Chicago "L" rail yard and shops

Skokie Shops is a heavy maintenance facility for the Chicago "L" system, operated by the Chicago Transit Authority and located in Skokie, Illinois. The Skokie Shops are equipped to perform comprehensive inspection, servicing, and rebuilding for the CTA's fleet of railcars.

The shops opened in 1926 along the Chicago North Shore and Milwaukee Railroad's Skokie Valley Route, part of which also had local service provided by the Chicago Rapid Transit Company. The CRT used the Skokie Shops to maintain its fleet for the Chicago "L", and the CTA (its successor) continued to use the shops after "L" service to Skokie ended in 1948. The shops are connected to the "L" system by the present-day Yellow Line, which began operation in 1964.

== Services ==
The Skokie Shops are the CTA's main heavy maintenance facility for "L" trains used in revenue (passenger-carrying) service.
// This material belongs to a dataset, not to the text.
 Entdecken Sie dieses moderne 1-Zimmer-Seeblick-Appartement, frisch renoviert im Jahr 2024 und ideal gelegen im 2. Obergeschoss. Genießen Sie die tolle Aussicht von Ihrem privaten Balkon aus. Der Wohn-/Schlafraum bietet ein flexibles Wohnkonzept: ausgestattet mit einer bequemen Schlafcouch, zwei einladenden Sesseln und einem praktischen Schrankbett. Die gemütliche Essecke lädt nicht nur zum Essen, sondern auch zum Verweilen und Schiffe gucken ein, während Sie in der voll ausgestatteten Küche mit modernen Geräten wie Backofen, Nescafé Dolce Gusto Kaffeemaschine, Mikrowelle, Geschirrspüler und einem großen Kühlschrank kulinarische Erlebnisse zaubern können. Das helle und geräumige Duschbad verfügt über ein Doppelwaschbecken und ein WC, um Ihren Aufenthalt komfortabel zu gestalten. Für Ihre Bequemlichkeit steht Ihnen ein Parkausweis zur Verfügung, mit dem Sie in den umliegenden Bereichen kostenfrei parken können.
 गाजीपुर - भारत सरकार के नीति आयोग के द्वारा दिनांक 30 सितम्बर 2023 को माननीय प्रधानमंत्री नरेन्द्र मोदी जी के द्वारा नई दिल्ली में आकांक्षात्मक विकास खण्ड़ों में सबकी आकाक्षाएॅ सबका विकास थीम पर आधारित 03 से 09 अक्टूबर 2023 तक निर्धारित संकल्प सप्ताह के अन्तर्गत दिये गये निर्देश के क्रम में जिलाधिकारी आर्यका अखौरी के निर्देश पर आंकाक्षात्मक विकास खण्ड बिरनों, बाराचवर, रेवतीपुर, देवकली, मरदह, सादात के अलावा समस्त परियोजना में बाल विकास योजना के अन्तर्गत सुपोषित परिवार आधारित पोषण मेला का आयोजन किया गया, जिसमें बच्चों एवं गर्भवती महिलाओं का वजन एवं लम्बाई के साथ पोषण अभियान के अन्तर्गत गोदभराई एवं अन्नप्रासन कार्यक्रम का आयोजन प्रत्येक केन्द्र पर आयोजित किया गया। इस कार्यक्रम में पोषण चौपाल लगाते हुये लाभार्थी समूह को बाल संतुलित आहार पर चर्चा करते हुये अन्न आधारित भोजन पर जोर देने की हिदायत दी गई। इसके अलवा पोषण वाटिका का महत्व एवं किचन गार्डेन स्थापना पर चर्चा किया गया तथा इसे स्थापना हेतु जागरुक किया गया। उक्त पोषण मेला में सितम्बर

The shops employ a staff of skilled tradespeople, including electricians, carpenters, machinists, and blacksmiths.

The Skokie Shops are equipped to perform comprehensive heavy maintenance on "L" trains, including collision repairs and mid-life overhauls. The shops feature heavy machinery for removing, inspecting, pressing, and truing train wheels.
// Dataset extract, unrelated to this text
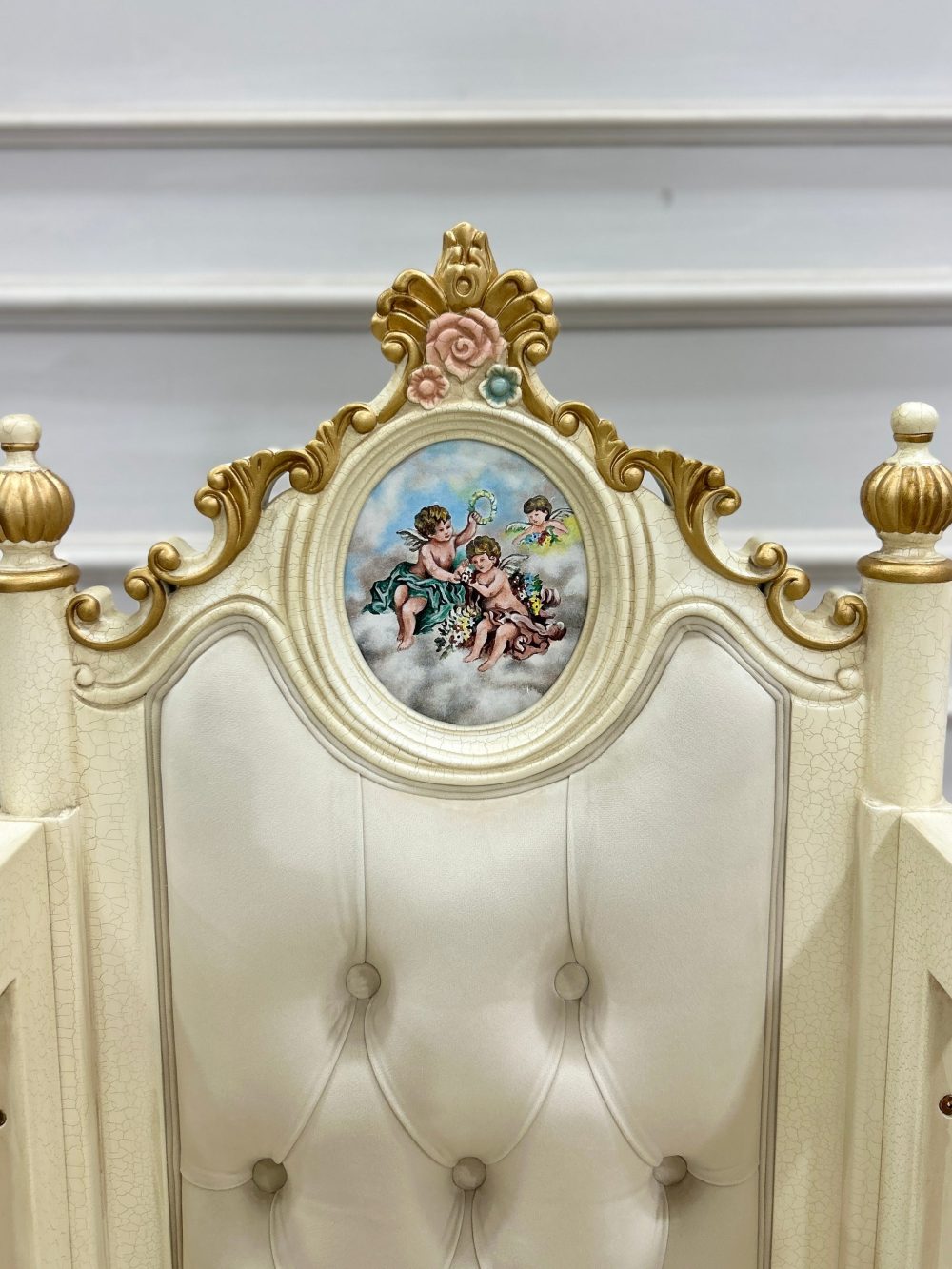 - Craftsmanship: Artisan hand-carved wood with gold-leaf detailing

The CTA Holiday Train is decorated and assembled at the Skokie Shops. The Holiday Train features a custom-built sleigh for Santa Claus, which rides on a flatcar in the middle of the train as it travels around the "L" system. Preparation work for the train takes approximately three months, supported by Skokie Shops staff and CTA employee volunteers.

== History ==
The Skokie Shops were built in the mid-1920s, as part of a partnership between the Chicago Rapid Transit Company and the Chicago North Shore and Milwaukee Railroad. Both the CRT and the CNS&M were partially controlled by businessman Samuel Insull, who led the consolidation of the entire Chicago "L" system in the early 1920s, and who also invested in utilities and property development throughout the region.
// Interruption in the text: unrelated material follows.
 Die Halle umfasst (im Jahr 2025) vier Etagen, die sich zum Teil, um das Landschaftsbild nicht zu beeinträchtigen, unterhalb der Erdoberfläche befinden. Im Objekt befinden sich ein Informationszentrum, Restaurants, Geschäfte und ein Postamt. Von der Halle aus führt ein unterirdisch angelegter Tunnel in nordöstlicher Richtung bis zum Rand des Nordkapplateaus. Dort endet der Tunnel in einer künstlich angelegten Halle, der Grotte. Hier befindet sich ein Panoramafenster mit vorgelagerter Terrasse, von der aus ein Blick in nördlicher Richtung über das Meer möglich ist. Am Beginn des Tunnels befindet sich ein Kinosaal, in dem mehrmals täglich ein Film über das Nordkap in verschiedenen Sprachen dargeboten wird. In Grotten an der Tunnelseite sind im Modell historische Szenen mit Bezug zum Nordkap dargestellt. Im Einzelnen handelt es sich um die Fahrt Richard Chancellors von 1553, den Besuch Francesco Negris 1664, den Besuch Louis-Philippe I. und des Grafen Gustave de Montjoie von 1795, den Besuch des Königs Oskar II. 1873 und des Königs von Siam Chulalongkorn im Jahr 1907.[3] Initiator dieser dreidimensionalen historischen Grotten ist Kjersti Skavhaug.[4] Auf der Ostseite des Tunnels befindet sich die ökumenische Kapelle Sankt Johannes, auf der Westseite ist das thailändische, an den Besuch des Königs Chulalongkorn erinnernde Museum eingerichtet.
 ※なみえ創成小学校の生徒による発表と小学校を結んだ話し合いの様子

The CRT began operating local passenger service over the CNS&M's newly constructed Skokie Valley Route in 1925. Service operated between Dempster Street station and Howard Street station, with 7 intermediate stops. The CRT opened the Skokie Shops shortly afterwards to service its fleet of cars, supplementing its facilities elsewhere in the "L" system. The CNS&M operated interurban service from Chicago to Milwaukee, and used the Skokie Valley Route as a high-speed bypass of its congested main line through downtown Evanston. During the early years of interurban service on the Skokie Valley Route, the Skokie Shops also serviced CNS&M cars.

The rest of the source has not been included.